New test : a "no stop word" analyzer, adapted from the german stemming
analyser @
        http://projects.jkraemer.net/acts_as_ferret/wiki/AdvancedUsage


file: model/country.rb
----------------------
  class Test2Analyzer < ::Ferret::Analysis::Analyzer
    include Ferret::Analysis
    def initialize(stop_words = [])
      @stop_words = stop_words
    end
    def token_stream(field, str)
      StemFilter.new(StopFilter.new(LowerCaseFilter.new(
StandardTokenizer.new(str)), @stop_words), 'de')
    end
  end
  class Country < ActiveRecord::Base
    acts_as_ferret(
      :fields => [:name] ,
      :remote => true,
      :ferret =>  {:analyzer => Test2Analyzer.new([]) }
    )
  end


0°/ delete the ferret index directory
1°/ restart the console and rebuild the index :


  ./script/console
  >> Country.rebuild_index
  Asked for a remote server ? true, ENV["FERRET_USE_LOCAL_INDEX"] is 
nil,
looks like we are not the server
  Will use remote index server which should be available at
druby://localhost:9010
  default field list: [:name]
  => nil


2°/ confirm that aaf knows about my "no_stop_words" custom analyzer :

>> puts Country.aaf_index.to_yaml
--- !ruby/object:ActsAsFerret::RemoteIndex
config:
  :fields:
  - :name
  :mysql_fast_batches: true
  :name: countries
  :class_name: Country
  :index_dir:
/Users/aravet/aaprojets/newgids/newgids_machine/index/development/country
  :remote: druby://localhost:9010
  :reindex_batch_size: 1000
  :store_class_name: false
  :ferret_fields:
    :name:
      :store: :no
      :term_vector: :with_positions_offsets
      :boost: 1.0
      :index: :yes
      :highlight: :yes
  :single_index: false
  :ferret: &id001
    :key: :id
    :auto_flush: true
    :or_default: false
    :path:
/Users/aravet/aaprojets/newgids/newgids_machine/index/development/country
    :create_if_missing: true
    :handle_parse_errors: true
    :analyzer: !ruby/object:Test2Analyzer    <<<<----------- Good
      stop_words: []                <<<<----------- Good
    :default_field:
    - :name
  :enabled: true
ferret_config: *id001
server: !ruby/object:DRb::DRbObject
  ref:
  uri: druby://localhost:9010
=> nil




3°/ confirm that there is record with name == "the"

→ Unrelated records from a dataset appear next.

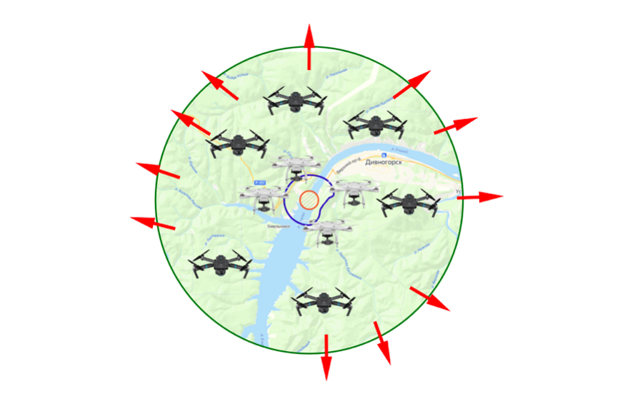 Если размеры объекта превышают дальность работы РЭР (диаметр 10 км), то следует установить дополнительную точку обнаружения и подавления БПЛА (дальность высококачественного РЭБ - 2 км в диаметре при запуске противником дрона с расстояния 10 км) .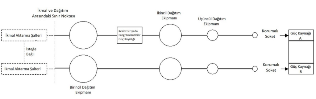 Şekil 9: Yedekli tek yollu güç dağıtım sistemi örneği (Sınıf 2)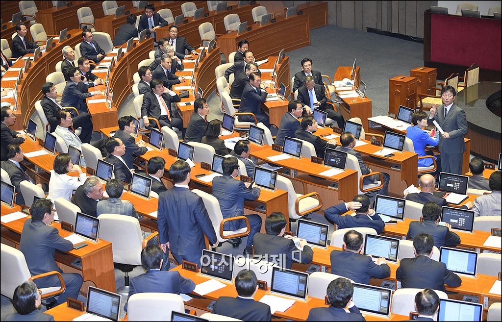 [아시아경제 윤동주 기자] 유승민 새누리당 원내대표가 6일 국회 본회의장에서 박상옥 대법관 임명동의안 처리와 관련해 의원들에게 이야기를 하고 있다.윤동주 기자 doso7@asiae.co.kr<ⓒ세계를 보는 창 경제를 보는 눈, 아시아경제(www.asiae.co.kr) 무단전재 배포금지>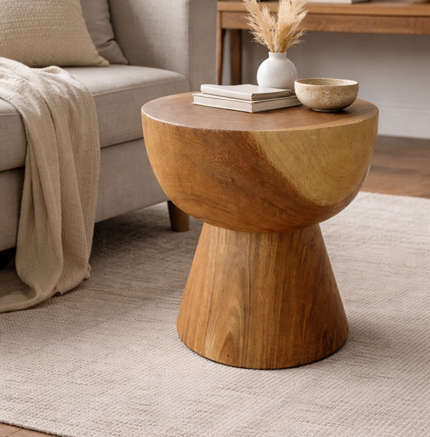 The Suar Wood Hourglass Side Table represents the perfect harmony between nature’s raw beauty and human artistry. Unlike traditional joined furniture, each hourglass table is carved from a single solid log of Suar wood. This “monoblock” construction highlights the continuous flow of the wood grain, creating a seamless and mesmerizing visual experience from top to bottom.

 >> Country.find_by_name "the"
   Country Load (0.000427)   SELECT * FROM countries WHERE 
(countries.`name`
= 'the') LIMIT 1
 => #<Country id: 11, name: "the">


4°/ try and find "t*" it with aaf
=>  DOES NOT WORK (does not find Country[:name => "the"])

  >> Country.find_by_contents "t*"
  Query: t*
  total hits: 0, results delivered: 0
  => #<ActsAsFerret::SearchResults:0x31ff754 @per_page=0, 
@current_page=nil,
@total_hits=0, @results=[], @total_pages=0>


5°/ do the same for "t*", a non stop word
=>  IT WORKS (finds Country[:name => "Frankrijk"])

>> Country.find_by_contents "f*"
  Country Load (0.000420)   SELECT * FROM countries WHERE (countries.id 
in
('2'))
Query: f*
total hits: 1, results delivered: 1
=> #<ActsAsFerret::SearchResults:0x31fa4ac @per_page=1, 
@current_page=nil,
@total_hits=1, @results=[#<Country id: 2, name: "Frankrijk">], 
total_pages1


So, aaf  (rev 262)
* associates the right custom analyzer with the model,
* but doesn't seem to use it when finding_by_contents (? and rebuilding 
the
index ??)


Alain
Posted by Hongli Lai (Guest)
on 15.11.2007 00:25
(Received via mailing list)
Alain Ravet wrote:
>   class Country < ActiveRecord::Base
>     acts_as_ferret(  
>       :fields => [:name] ,
>       :remote => true,
>       :ferret =>  {:analyzer => Test2Analyzer.new([]) } 
>     )
>   end

Try this:

acts_as_ferret({ :fields => [:name], :remote => true },
{ :analyzer => Test2Analyzer.new([]) })
Posted by Jens Kraemer (Guest)
on 15.11.2007 10:04
(Received via mailing list)
On Thu, Nov 15, 2007 at 12:24:25AM +0100, Hongli Lai wrote:
> 
> acts_as_ferret({ :fields => [:name], :remote => true },
> { :analyzer => Test2Analyzer.new([]) })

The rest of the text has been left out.